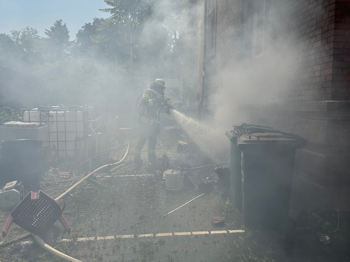 19.06.2025 - 16:03:11 | presseportal.deBeim Eintreffen der ersten Einsatzkräfte war die Polizei Weinhein bereits vor Ort. Anwohner hatten erste Löschversuche mit einem Gartenschlauch unternommen, mussten diese aber wegen des dichten Rauchs abbrechen. Der Brandherd befand sich im Außenbereich des Gebäudes. Hier standen dort abgestellter Unrat und Mülltonnen in Flammen. Der Rauch hatte sich bereits in das Gebäude ausgebreitet.
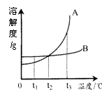D.A、B兩種飽和溶液都從t3℃降溫到t2℃,析出的晶體一定等量
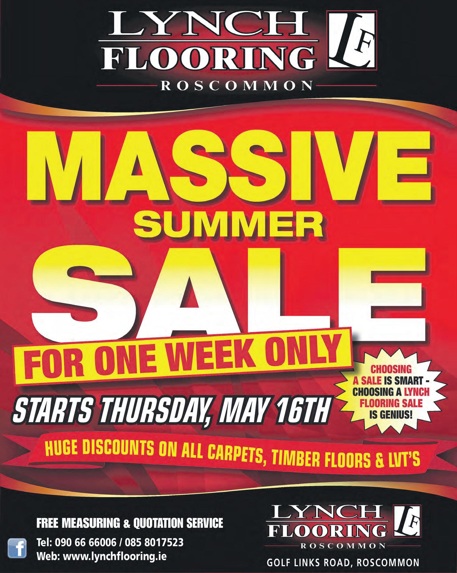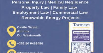 VOLUME: 886 The Local Paper The BIGGEST readership of ANY Roscommon newspaper! Readership is now 80,000 people every week! www.roscommonpeople.ie 17 May 2024 ABBEY STREET, ROSCOMMON Tel. (090) 66 34633 advertising@roscommonpeople.ie news@roscommonpeople.ie sport@roscommonpeople.ie FREE Golf Links Road, Roscommon (090) 66 37620 iles and athrooms SALE NOW ON Wall Tiles from €9.95 per sq. yd. Galway Road, Roscommon 086 3758169 / 090 662 6023 paul@advancedphysiowest.ie www.advancedphysiowest.ie Paul Lennon BSc (Hons) Chartered Physiotherapist Hynes Pharmacy Castle Street, Roscommon. Tel. (090) 66 34147 Do you need your domestic appliance repaired? If so contact us! 090 66 34465 tommiekelly.ie TOMMIE KELLY ELECTRICAL Athleague, Roscommon – 090 6663385 ROSCOMMON TOWN – 090 6634465 Byrne Carolan Cunningham LLP Solicitors All Personal Injury Matters: Motor Accidents, Workplace Accidents, Garda Compensation Claims, Medical Accidents 090 647 8433 www.bccsolicitors.ie *In contentious business, a solicitor may not calculate fees or other charges as a percentage or proportion of any award or settlement PERSONAL INJURY 30 years Proudly serving the people of Athlone for 30 years Byrne Carolan Cunningham LLP Solicitors All Personal Injury Matters: Motor Accidents, Workplace Accidents, Garda Compensation Claims, Medical Accidents 090 647 8433 www.bccsolicitors.ie *In contentious business, a solicitor may not calculate fees or other charges as a percentage or proportion of any award or settlement PERSONAL INJURY 30 years Proudly serving the people of Athlone for 30 years MEDICAL ACCIDENTS CONTACT Byrne Carolan Cunningham LLP SOLICITORS Dedicated Medical Negligence Department Proudly serving our clients Contact Byrne Carolan Cunningham LLP Solicitors All Personal Injury Matters: Motor Accidents, Workplace Accidents, Garda Compensation Claims, Medical Accidents 090 647 8433 www.bccsolicitors.ie *In contentious business, a solicitor may not calculate fees or other charges as a percentage or proportion of any award or settlement Proudly serving the people of Athlone for 30 years Contact Byrne Carolan Cunningham LLP Solicitors All Personal Injury Matters: Motor Accidents, Workplace Accidents, Garda Compensation Claims, Medical Accidents 090 647 8433 www.bccsolicitors.ie *In contentious business, a solicitor may not calculate fees or other charges as a percentage or proportion of any award or settlement PERSONAL INJURY 30 years Proudly serving the people of Athlone for 30 years ROCKFIELD, CO. ROSCOMMON, F42 N510 Tel. (090) 662 7460 • Email: neilanelectrical@gmail.com NEILAN’S GARDEN EQUIPMENT J Keane & Sons PARTS & SERVICE Lansboro St, Roscommon T: 090 66 26316 vwjk.ie Lanesboro St., Roscommon T.: 090 66 26315 Lubricants Fuel Cards Commercial For the best value on home heating oil and Agri fuels Never run out of oil again with our NEW Oil Monitor! Depot: 090 663 46 45 Jason 087 188 8114 • Joe 087 188 8115 Kevin Ireland 087 221 6127 • Matt Devane 087 188 2288 or online at www.sweeneyoil.ie Depot: 090 663 46 45 • Jason McEvoy: 087 188 8114 • Joe McEvoy: 087 188 8115 • Kevin Ireland: 087 221 6127 • Matt Devane: 087 188 2288 or online at www.sweeneyoil.ie For the best price on fuel Senator Seanad Spokesperson CommunityAffairs Rural and the Islands Clinics available at all times. Tel. 087 1668775 Email: eugene.murphy@oireachtas.ie Eugene MURPHY Finn Electrical Go Street, Roscommon Tel. 090 66 25573 CASEY’S ROSCOMMON Contact 090 66 38000 CHRISTY CONNOLLY RECOVERY CASTLEREA, CO. ROSCOMMON TEL. 094 9620793 MOB. 086 2505325 / 087 2505325 E: christyconnollymotors@gmail.com • Approved recyclers of end of life vehicles • Destruction certs issued • 24/7 recovery service available nationwide CLLR. LIAM CALLAGHAN COUNCILLOR FOR THE BOYLE AREA CONTACT ME WITH ANY ISSUES ON 086 3325839 or cllrlcallaghan@roscommoncoco.ie New Ninja Double Stack Airfryer SL 400UK now in stock The Square, Roscommon Tel.: 090 6626270 or 087 6500931 Frances’ Finishing Touches Contact Frances on 087 6500931 Open 9.30 - 6.00 pm Large range of BLACKOUT CURTAINS in stock McG UINNESS Pharmacy Main Street, Roscommon T. 090 66 26193 F. 090 66 28789 Special Offer –HALF PRICE HEGARTY Plant Hire Call for more info on 087 2536428 or 086 6676424 Keen Rates For Hire of Micro-12t Digger, Dumpers, Rollers, Teleporter, Rock Breakers and Hedgecutter Timemaster now in stock • 30" CUT New Men's Fragrance HUGO BOSS Triumph Elixir Wards Circular Road, Roscommon town Tel. 090 6626172 SIENNA RATTAN 160cm Rectangular 6 Seater Set €699 Main Street Carrick On Shannon | 0871720959 | 0719611007 | martin@celticwizard.ie | FREEQUOTATIONSFOR SCHOOLSANDBUSINESSES Main Street Carrick On Shannon | 0871720959 | 0719611007 | martin@celticwizard.ie | FREEQUOTATIONSFOR SCHOOLSANDBUSINESSES Main Street Carrick On Shannon | 0871720959 | 0719611007 | martin@celticwizard.ie | FREEQUOTATIONSFOR SCHOOLSANDBUSINESSES
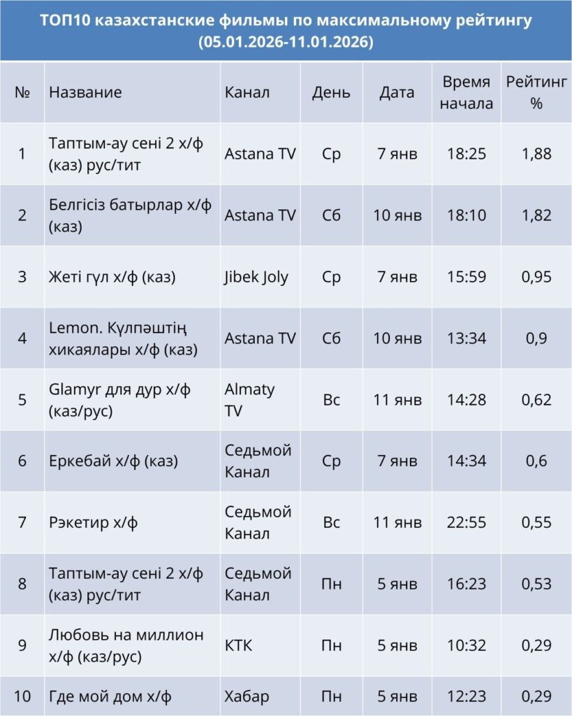 Astana TV занял первые два места: «Таптым-ау сені 2» (1,88%) и «Белгісіз батырлар» (1,82%). Топ‑3 закрывает Jibek Joly с „Жеті гүл“ (0,95%).
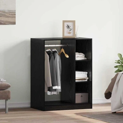ManoManoGeneral description This wardrobe is the perfect mix of style and usefulness, making it a brilliant addition to any bedroom. It slots nicely into indoor spaces with its clean lines and minimalist look that works with various décor styles. The roomy interior is ideal for organizing your clothing, accessories, or personal items. Made from engineered wood, it’s durable without sacrificing a sleek appearance, making it a must-have piece for any home that values simple design and practicality. Technical specifications Dimensions: 77 x 48 x 102 cm Colour: Black oak Material: Engineered wood Assembly required: Yes EAN: 8721288763709 SKU: 879644 Brand: vidaXL Usage Perfect for storing clothes, shoes, and personal items neatly. Designed for indoor use, making it a classy storage solution for bedrooms and closets. Easy to maintain with occasional dusting. Other information
***
Work to be completed »
Pictures aside, the material must be written out word for word.

Solution for this exercise »
 19.06.2025 - 16:03:11 | presseportal.deBeim Eintreffen der ersten Einsatzkräfte war die Polizei Weinhein bereits vor Ort. Anwohner hatten erste Löschversuche mit einem Gartenschlauch unternommen, mussten diese aber wegen des dichten Rauchs abbrechen. Der Brandherd befand sich im Außenbereich des Gebäudes. Hier standen dort abgestellter Unrat und Mülltonnen in Flammen. Der Rauch hatte sich bereits in das Gebäude ausgebreitet.
D.A、B兩種飽和溶液都從t3℃降溫到t2℃,析出的晶體一定等量
 VOLUME: 886 The Local Paper The BIGGEST readership of ANY Roscommon newspaper! Readership is now 80,000 people every week! www.roscommonpeople.ie 17 May 2024 ABBEY STREET, ROSCOMMON Tel. (090) 66 34633 advertising@roscommonpeople.ie news@roscommonpeople.ie sport@roscommonpeople.ie FREE Golf Links Road, Roscommon (090) 66 37620 iles and athrooms SALE NOW ON Wall Tiles from €9.95 per sq. yd. Galway Road, Roscommon 086 3758169 / 090 662 6023 paul@advancedphysiowest.ie www.advancedphysiowest.ie Paul Lennon BSc (Hons) Chartered Physiotherapist Hynes Pharmacy Castle Street, Roscommon. Tel. (090) 66 34147 Do you need your domestic appliance repaired? If so contact us! 090 66 34465 tommiekelly.ie TOMMIE KELLY ELECTRICAL Athleague, Roscommon – 090 6663385 ROSCOMMON TOWN – 090 6634465 Byrne Carolan Cunningham LLP Solicitors All Personal Injury Matters: Motor Accidents, Workplace Accidents, Garda Compensation Claims, Medical Accidents 090 647 8433 www.bccsolicitors.ie *In contentious business, a solicitor may not calculate fees or other charges as a percentage or proportion of any award or settlement PERSONAL INJURY 30 years Proudly serving the people of Athlone for 30 years Byrne Carolan Cunningham LLP Solicitors All Personal Injury Matters: Motor Accidents, Workplace Accidents, Garda Compensation Claims, Medical Accidents 090 647 8433 www.bccsolicitors.ie *In contentious business, a solicitor may not calculate fees or other charges as a percentage or proportion of any award or settlement PERSONAL INJURY 30 years Proudly serving the people of Athlone for 30 years MEDICAL ACCIDENTS CONTACT Byrne Carolan Cunningham LLP SOLICITORS Dedicated Medical Negligence Department Proudly serving our clients Contact Byrne Carolan Cunningham LLP Solicitors All Personal Injury Matters: Motor Accidents, Workplace Accidents, Garda Compensation Claims, Medical Accidents 090 647 8433 www.bccsolicitors.ie *In contentious business, a solicitor may not calculate fees or other charges as a percentage or proportion of any award or settlement Proudly serving the people of Athlone for 30 years Contact Byrne Carolan Cunningham LLP Solicitors All Personal Injury Matters: Motor Accidents, Workplace Accidents, Garda Compensation Claims, Medical Accidents 090 647 8433 www.bccsolicitors.ie *In contentious business, a solicitor may not calculate fees or other charges as a percentage or proportion of any award or settlement PERSONAL INJURY 30 years Proudly serving the people of Athlone for 30 years ROCKFIELD, CO. ROSCOMMON, F42 N510 Tel. (090) 662 7460 • Email: neilanelectrical@gmail.com NEILAN’S GARDEN EQUIPMENT J Keane & Sons PARTS & SERVICE Lansboro St, Roscommon T: 090 66 26316 vwjk.ie Lanesboro St., Roscommon T.: 090 66 26315 Lubricants Fuel Cards Commercial For the best value on home heating oil and Agri fuels Never run out of oil again with our NEW Oil Monitor! Depot: 090 663 46 45 Jason 087 188 8114 • Joe 087 188 8115 Kevin Ireland 087 221 6127 • Matt Devane 087 188 2288 or online at www.sweeneyoil.ie Depot: 090 663 46 45 • Jason McEvoy: 087 188 8114 • Joe McEvoy: 087 188 8115 • Kevin Ireland: 087 221 6127 • Matt Devane: 087 188 2288 or online at www.sweeneyoil.ie For the best price on fuel Senator Seanad Spokesperson CommunityAffairs Rural and the Islands Clinics available at all times. Tel. 087 1668775 Email: eugene.murphy@oireachtas.ie Eugene MURPHY Finn Electrical Go Street, Roscommon Tel. 090 66 25573 CASEY’S ROSCOMMON Contact 090 66 38000 CHRISTY CONNOLLY RECOVERY CASTLEREA, CO. ROSCOMMON TEL. 094 9620793 MOB. 086 2505325 / 087 2505325 E: christyconnollymotors@gmail.com • Approved recyclers of end of life vehicles • Destruction certs issued • 24/7 recovery service available nationwide CLLR. LIAM CALLAGHAN COUNCILLOR FOR THE BOYLE AREA CONTACT ME WITH ANY ISSUES ON 086 3325839 or cllrlcallaghan@roscommoncoco.ie New Ninja Double Stack Airfryer SL 400UK now in stock The Square, Roscommon Tel.: 090 6626270 or 087 6500931 Frances’ Finishing Touches Contact Frances on 087 6500931 Open 9.30 - 6.00 pm Large range of BLACKOUT CURTAINS in stock McG UINNESS Pharmacy Main Street, Roscommon T. 090 66 26193 F. 090 66 28789 Special Offer –HALF PRICE HEGARTY Plant Hire Call for more info on 087 2536428 or 086 6676424 Keen Rates For Hire of Micro-12t Digger, Dumpers, Rollers, Teleporter, Rock Breakers and Hedgecutter Timemaster now in stock • 30" CUT New Men's Fragrance HUGO BOSS Triumph Elixir Wards Circular Road, Roscommon town Tel. 090 6626172 SIENNA RATTAN 160cm Rectangular 6 Seater Set €699 Main Street Carrick On Shannon | 0871720959 | 0719611007 | martin@celticwizard.ie | FREEQUOTATIONSFOR SCHOOLSANDBUSINESSES Main Street Carrick On Shannon | 0871720959 | 0719611007 | martin@celticwizard.ie | FREEQUOTATIONSFOR SCHOOLSANDBUSINESSES Main Street Carrick On Shannon | 0871720959 | 0719611007 | martin@celticwizard.ie | FREEQUOTATIONSFOR SCHOOLSANDBUSINESSES
 Astana TV занял первые два места: «Таптым-ау сені 2» (1,88%) и «Белгісіз батырлар» (1,82%). Топ‑3 закрывает Jibek Joly с „Жеті гүл“ (0,95%).
ManoManoGeneral description This wardrobe is the perfect mix of style and usefulness, making it a brilliant addition to any bedroom. It slots nicely into indoor spaces with its clean lines and minimalist look that works with various décor styles. The roomy interior is ideal for organizing your clothing, accessories, or personal items. Made from engineered wood, it’s durable without sacrificing a sleek appearance, making it a must-have piece for any home that values simple design and practicality. Technical specifications Dimensions: 77 x 48 x 102 cm Colour: Black oak Material: Engineered wood Assembly required: Yes EAN: 8721288763709 SKU: 879644 Brand: vidaXL Usage Perfect for storing clothes, shoes, and personal items neatly. Designed for indoor use, making it a classy storage solution for bedrooms and closets. Easy to maintain with occasional dusting. Other information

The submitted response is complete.